_Your objective_: Transcribe, starting at the line with "Australian listed oil" and ending at the line with "Skilled welder crafting", every line of the material below exactly, but leave out the pictures and anything outside that span.

_Recorded data_:
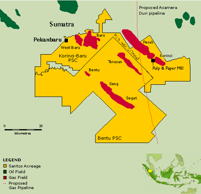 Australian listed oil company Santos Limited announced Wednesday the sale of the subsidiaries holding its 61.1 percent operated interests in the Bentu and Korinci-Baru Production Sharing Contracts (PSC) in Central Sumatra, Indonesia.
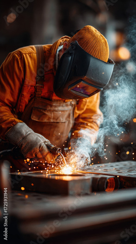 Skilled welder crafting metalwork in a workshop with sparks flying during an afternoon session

* * *

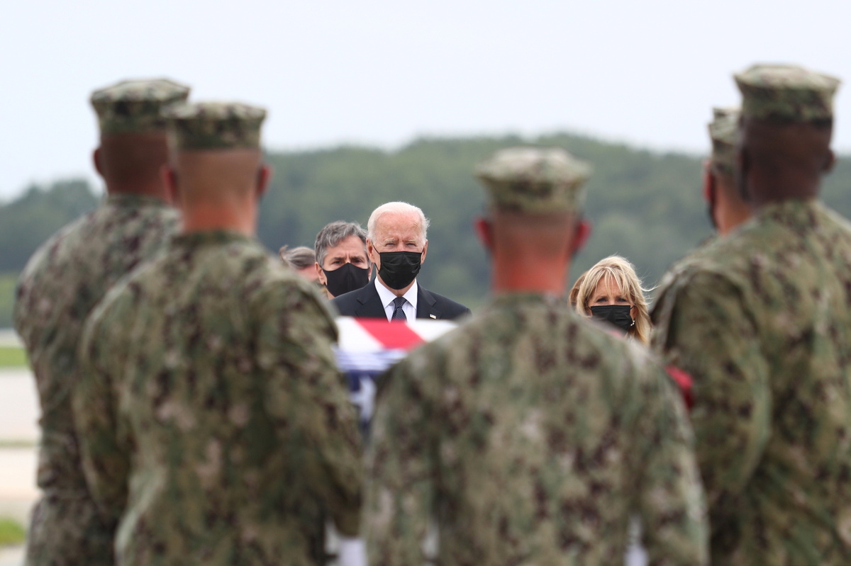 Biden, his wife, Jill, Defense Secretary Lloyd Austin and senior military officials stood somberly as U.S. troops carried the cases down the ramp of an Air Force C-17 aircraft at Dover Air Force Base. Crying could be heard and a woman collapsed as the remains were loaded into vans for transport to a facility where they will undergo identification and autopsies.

_Solution_:
 Australian listed oil company Santos Limited announced Wednesday the sale of the subsidiaries holding its 61.1 percent operated interests in the Bentu and Korinci-Baru Production Sharing Contracts (PSC) in Central Sumatra, Indonesia.
 Skilled welder crafting metalwork in a workshop with sparks flying during an afternoon session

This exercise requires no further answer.